-- DATA FOR THIS EXERCISE --

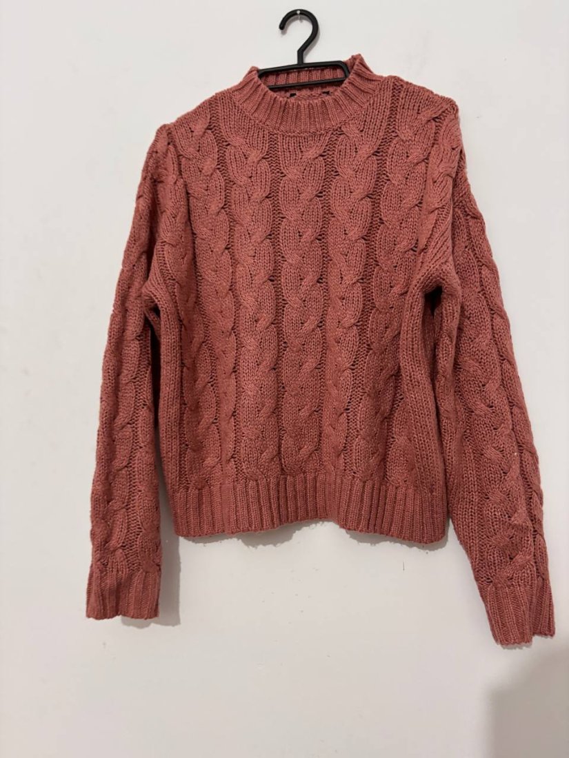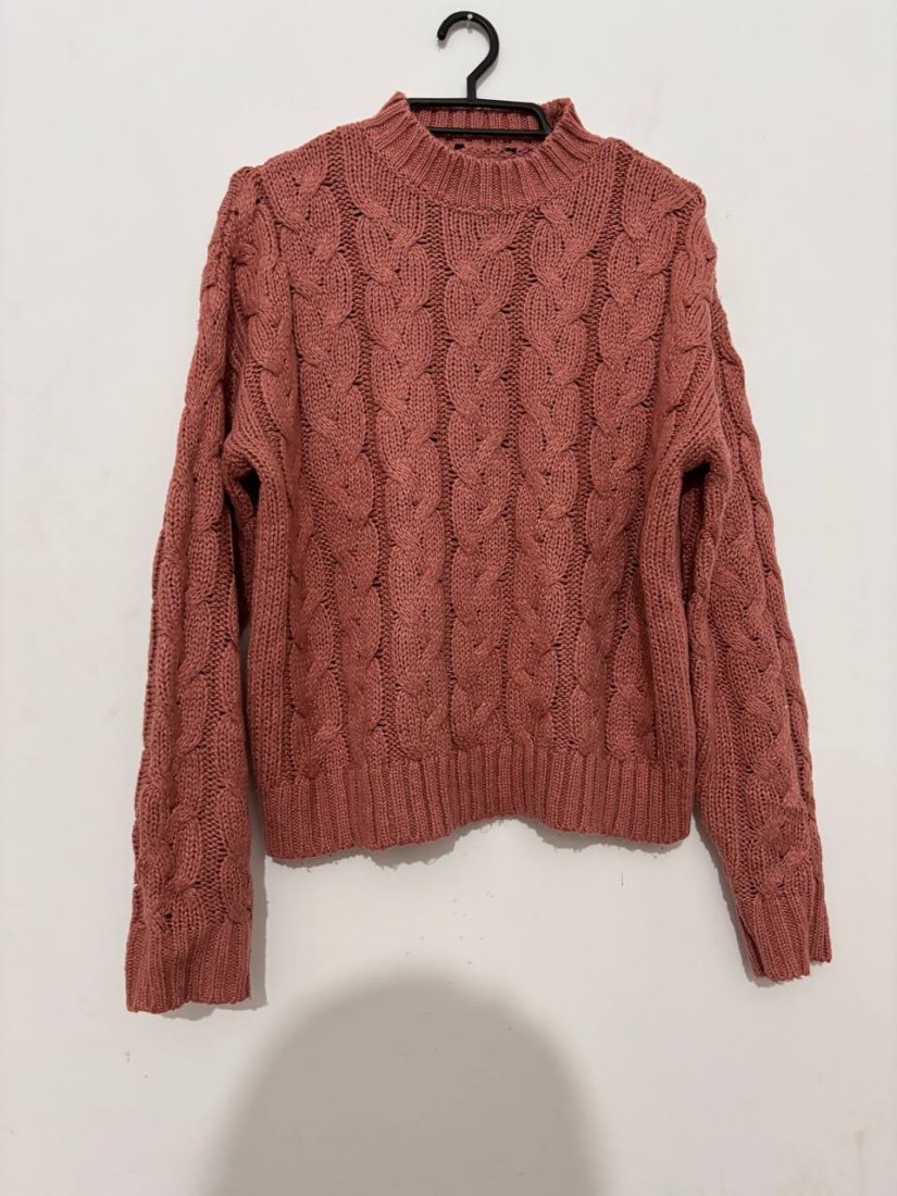 pink sweater, cable knit sweater, chunky knit, oversized sweater, warm sweater, winter sweater, fall sweater, soft knit, textured sweater, casual knitwear, knitted pullover, stylish sweater, everyday sweater, thick knit sweater, cozy knit, feminine sweater, pastel sweater, cable pullover, knit top, comfy sweater
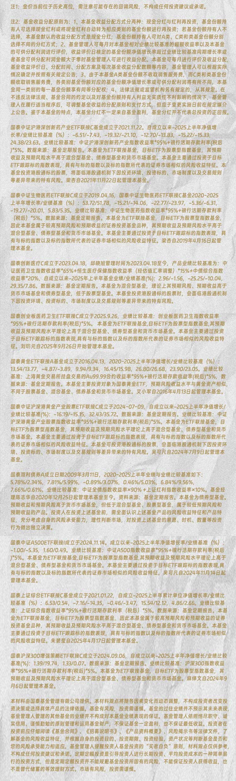 $国泰中证A500ETF发起联接A(OTCFUND|022448)$$国泰中证A500ETF发起联接C(OTCFUND|022449)$$国泰中证A500ETF发起联接I(OTCFUND|022610)$$国泰黄金ETF联接A(OTCFUND|000218)$$国泰中证沪深港黄金产业股票ETF发起联接C(OTCFUND|021674)$$国泰中证全指通信设备ETF联接C(OTCFUND|007818)$$国泰黄金ETF联接A(OTCFUND|000218)$$国泰中证沪深港黄金产业股票ETF发起联接A(OTCFUND|021673)$$国泰中证全指软件ETF联接C(OTCFUND|012637)$$国泰上证180金融ETF联接C(OTCFUND|014994)$
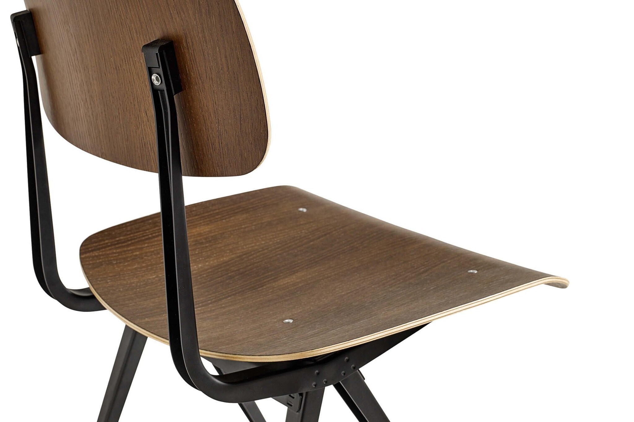 Voorgevormde plywood zitting en rugleuning. Top fineer is in eik. Stalen poten.
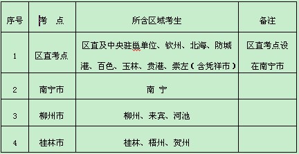 我區2011年度全國建設工程造價員資格考試(筆試)擬在南寧市、柳州市、桂林市三市設考點,具體設點情況以報名人數情況為準。各考點所含區域情況如下:
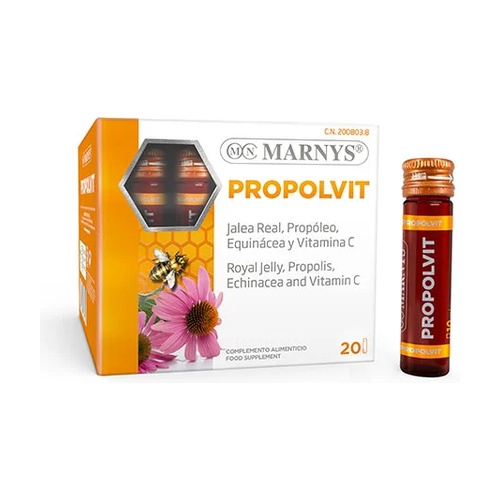 A Propolvit védekezés és energia tartalmaz egy exkluzív formulációt a Méhpempő, Feketeáfonya tisztított Propolisz, Echinacea és C-vitaminból. A Propolvit természetes összetevőinek tulajdonságai a következők: C-vitamin, ami egy vízben oldódó vitamin, amely hozzájárul az immunrendszer normál működéséhez és az energia-anyagcseréhez (EFSA). A Méhpempő a méh királynő tápláléka, és jellemző rá a telítetlen zsírsavak aránya, amelyek részt vesznek az energia-anyagcserében, kiemelve a 10-hidroxi-2-decensav (10-HDA). Echinacea purpurea egy növény, amelyet széles körben alkalmaznak és tanulmányoznak. Javított propolisz, amely saját technológiával inaktív anyagokat, például viaszt távolít el, és garantálja a flavonoidok minimális tartalmát, amely 10%-ot tesz ki galanginban kifejezve. Ez egy kiváló étrend-kiegészítő azok számára, akik szeretnék harmonizálni a védelmet és az energiát, még magas energiaszükséglet esetén is.
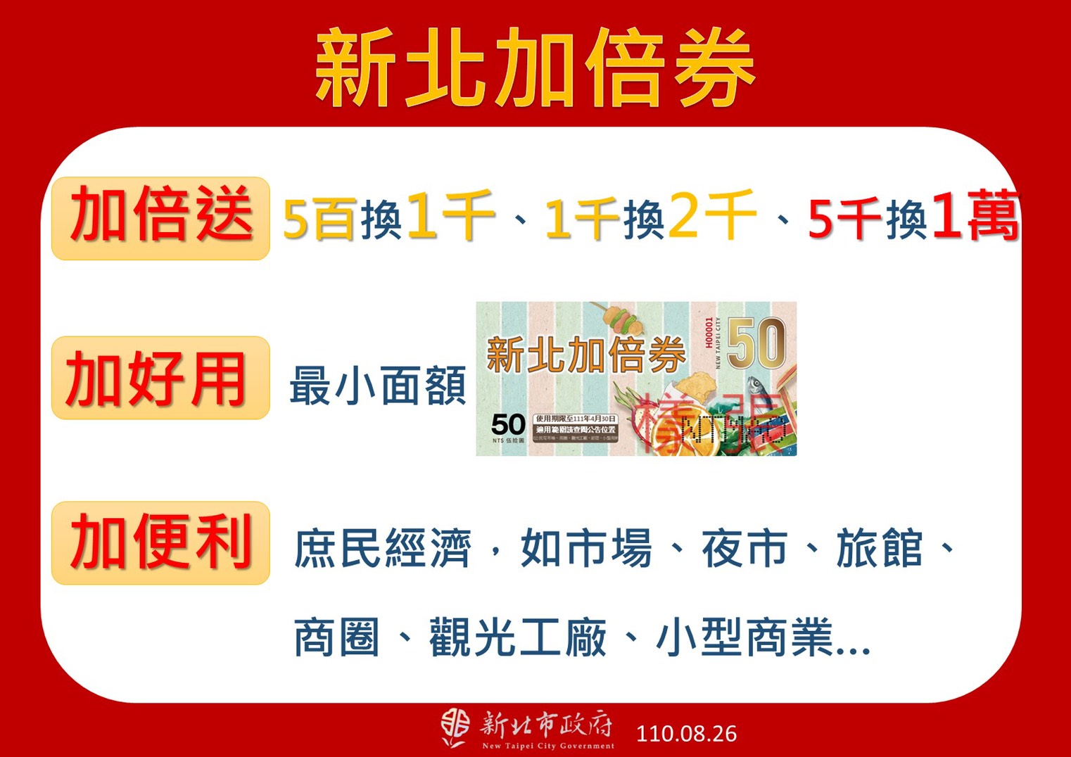 ▼新北市推出「5千換1萬」的加碼優惠。(圖/新北市政府提供)

-- WHAT THE EXERCISE ASKS --
Reproduce, word for word, every line from the start of the records down to and including the line with "我區2011年度全國建設工程"; skip the pictures.

-- EXERCISE RESULT --
 pink sweater, cable knit sweater, chunky knit, oversized sweater, warm sweater, winter sweater, fall sweater, soft knit, textured sweater, casual knitwear, knitted pullover, stylish sweater, everyday sweater, thick knit sweater, cozy knit, feminine sweater, pastel sweater, cable pullover, knit top, comfy sweater
 $国泰中证A500ETF发起联接A(OTCFUND|022448)$$国泰中证A500ETF发起联接C(OTCFUND|022449)$$国泰中证A500ETF发起联接I(OTCFUND|022610)$$国泰黄金ETF联接A(OTCFUND|000218)$$国泰中证沪深港黄金产业股票ETF发起联接C(OTCFUND|021674)$$国泰中证全指通信设备ETF联接C(OTCFUND|007818)$$国泰黄金ETF联接A(OTCFUND|000218)$$国泰中证沪深港黄金产业股票ETF发起联接A(OTCFUND|021673)$$国泰中证全指软件ETF联接C(OTCFUND|012637)$$国泰上证180金融ETF联接C(OTCFUND|014994)$
 Voorgevormde plywood zitting en rugleuning. Top fineer is in eik. Stalen poten.
 我區2011年度全國建設工程造價員資格考試(筆試)擬在南寧市、柳州市、桂林市三市設考點,具體設點情況以報名人數情況為準。各考點所含區域情況如下:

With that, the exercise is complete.